Jim Calder

Personal information
- Full name: James Evan Calder
- Date of birth: 29 July 1960 (age 65)
- Place of birth: Grantown on Spey, Scotland
- Position(s): Goalkeeper; centre-forward;

Senior career*
- Years: Team / Apps / (Gls)
- 1977–1994: Inverness Thistle / 0 / (0)
- 1994–2002: Inverness Caledonian Thistle / 167 / (0)
- 2002–2005: Nairn County / 51 / (0)
- 2005–2006: Clachnacuddin / ? / (?)
- 2006: Rothes / ? / (?)
- 2006: Forres Mechanics / ? / (?)
- 2006–2007: Inverurie Loco Works / ? / (?)
- 2007: Peterhead / 1 / (0)
- 2007–?: Inverurie Loco Works / ? / (?)

= Jim Calder (footballer) =

Scottish footballer

Jim Calder (born 29 July 1960) is a Scottish retired professional footballer. Calder played as a striker until he received a knee ligament injury at the age of 26. He then played as a goalkeeper, a highly unusual change given the specialist nature of that position.

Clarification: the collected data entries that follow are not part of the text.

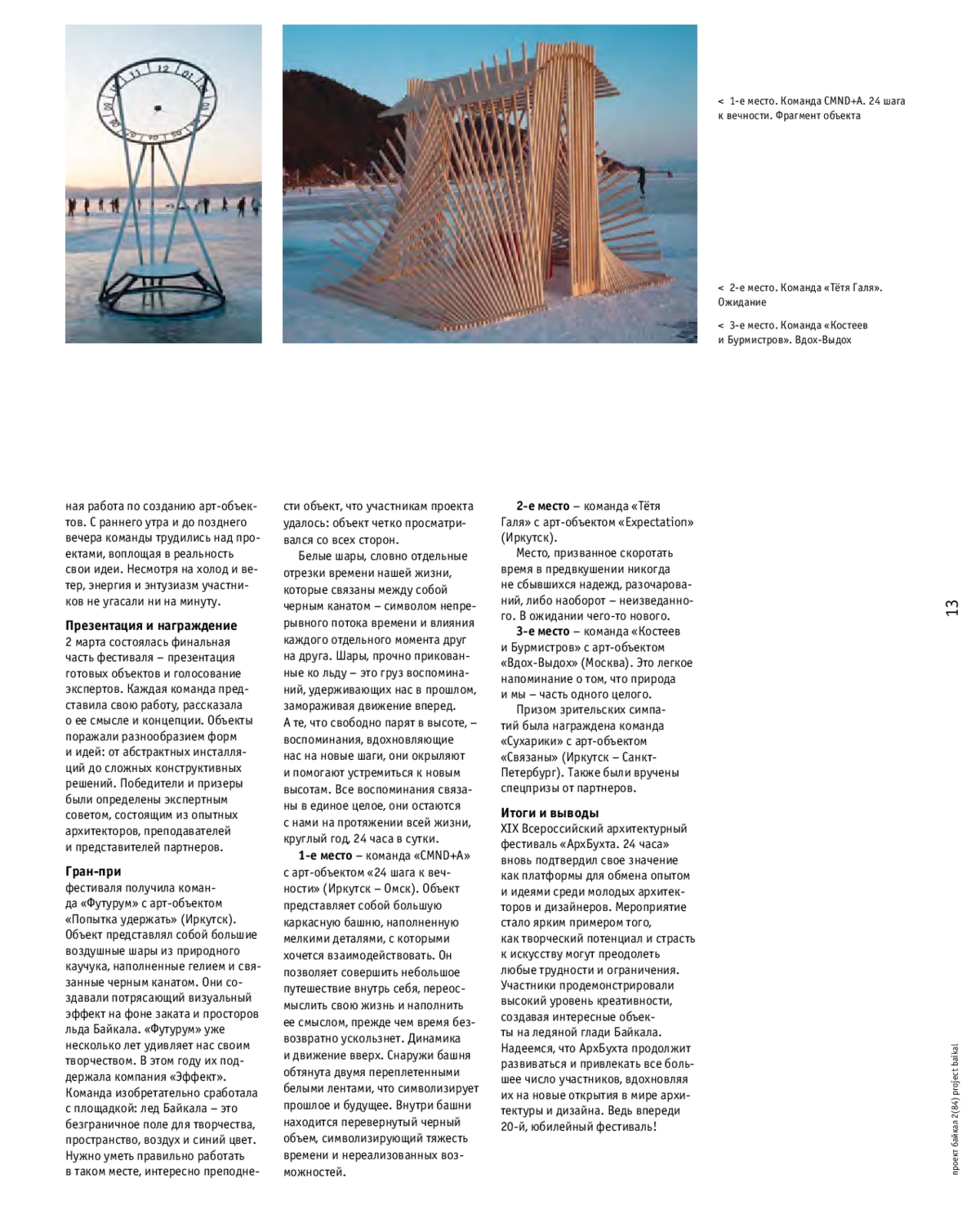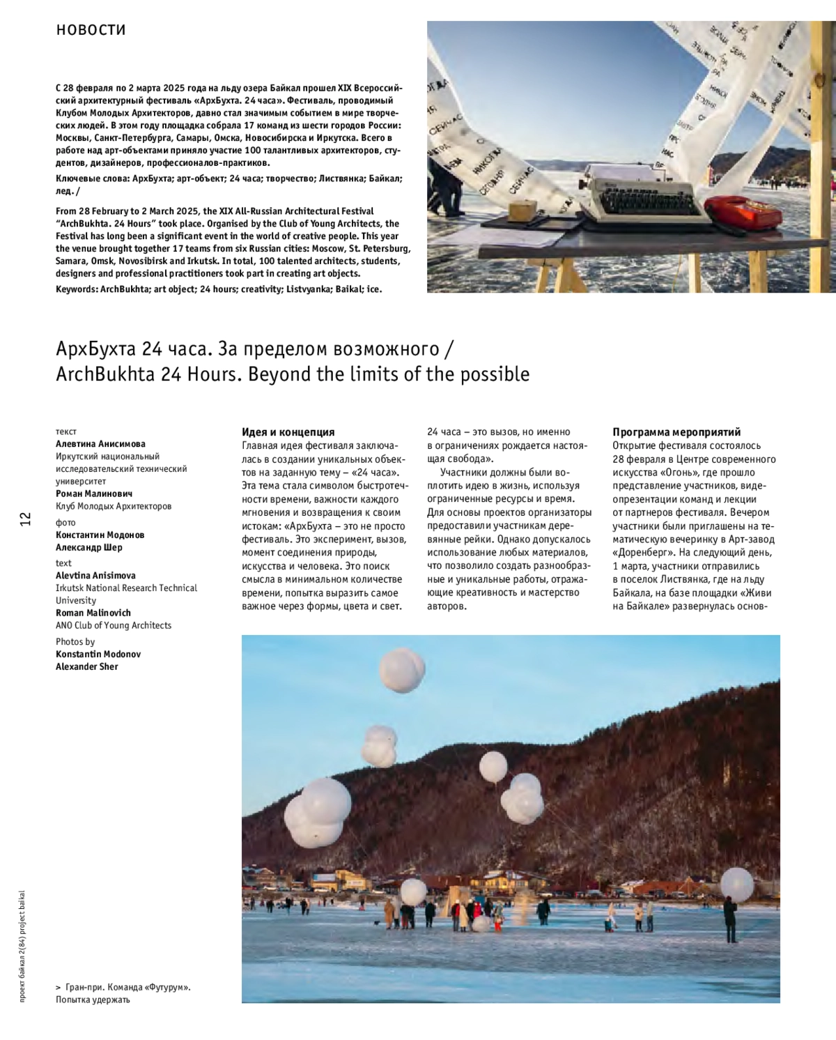 С 28 февраля по 2 марта 2025 года на льду озера Байкал прошел XIX Всероссийский архитектурный фестиваль «АрхБухта. 24 часа». Фестиваль, проводимый Клубом Молодых Архитекторов, давно стал значимым событием в мире творческих людей. В этом году площадка собрала 17 команд из шести городов России: Москвы, Санкт-Петербурга, Самары, Омска, Новосибирска и Иркутска. Всего в работе над арт-объектами приняло участие 100 талантливых архитекторов, студентов, дизайнеров, профессионалов-практиков.
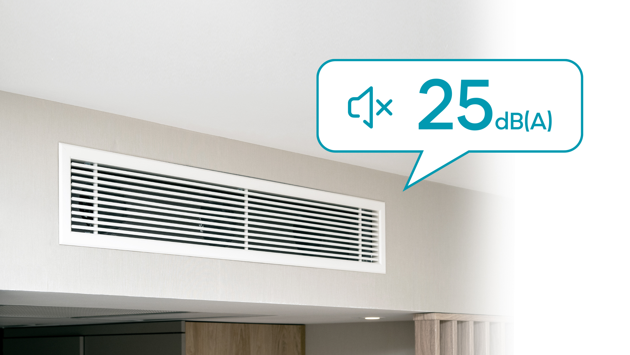 Độ ồn của dàn lạnh dấu trần nối ống gió ở chế độ hoạt động yên tĩnh chỉ từ 25 dB(A), phù hợp cho các khách sạn, biệt thự và căn hộ cao cấp.
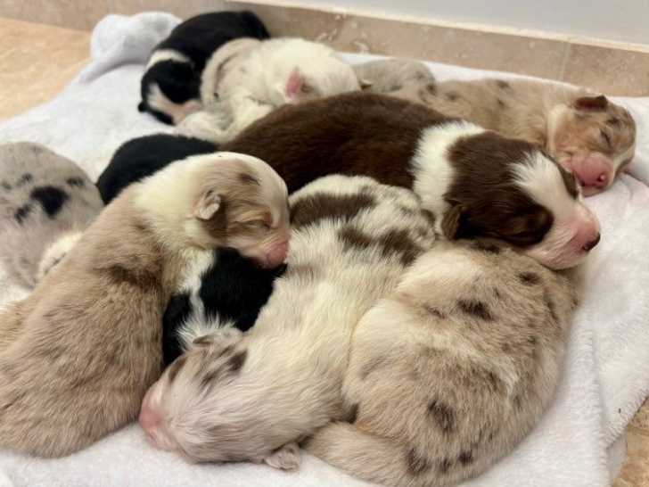 Neuf adorables chiots Bergers Australiens inscrits au Livre des Origines Français (LOF), nés le 29 juin 2025 sont disponibles à la réservation. S’agissant de quatre mâles et cinq femelles, ceux-ci sont élevés en famille, entourés d’enfants, d’autres chiens et de chats, pour une socialisation optimale. Les visites sont possibles dès le 14 juillet, uniquement sur rendez-vous.
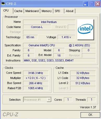 На других страницах указанной ветки форума вы можете найти другие скриншоты с результатами тестов, но выводы о качествах процессоров Celeron 4xx делать рано. Прежде всего, потому что они выйдут только в третьем квартале 2007 года. Кроме того, они будут обладать несколько другими характеристиками. Уверен, что и разгон не будет ограничиваться отметкой 3.2 ГГц. Помощником в разгоне таких процессоров станет их относительно высокий номинальный множитель.
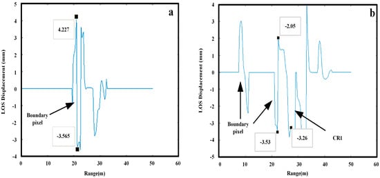 1D profiles including abnormal discontinuous boundary and CR1. The abnormal bumps are in the range direction of the displacement map (a) An example profile contains boundary pixel; (b) Profile contains boundary pixel and CR1.
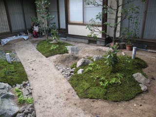 | ほぼ杉苔を張り終わりました。この時点では、張り合わせ部分が線になって目立っていますが、時間が経つと杉苔が生長して分からなくなります。 | 園路の反対側も完成です。砂利を敷くために5cmほど、地盤を切り下げています。 | |

Best known for his time with Inverness Caledonian Thistle, where he played from the club's formation in 1994 until 2002. Calder had been inherited from the squad of Inverness Thistle, who had merged with local rivals Caledonian to form the new club. Calder's goalkeeping antics and spectacular saves made him a firm favourite with Caley fans. His best match was probably in 2000 when he turned out a man of the match performance in Caley Thistle's famous 3–1 Scottish Cup victory over Celtic. Two seasons later Jim left Caley Thistle after the club signed Mark Brown.

Jim then signed for Nairn County, playing 51 times for the club. After leaving County in 2005, he took up short-term contracts at several Highland League clubs, including Clach, Rothes and Forres Mechanics. As late as 2007 the 46-year-old Calder even made an appearance in the Scottish Football League for Peterhead. He has also returned to Caley Thistle to coach their youth teams.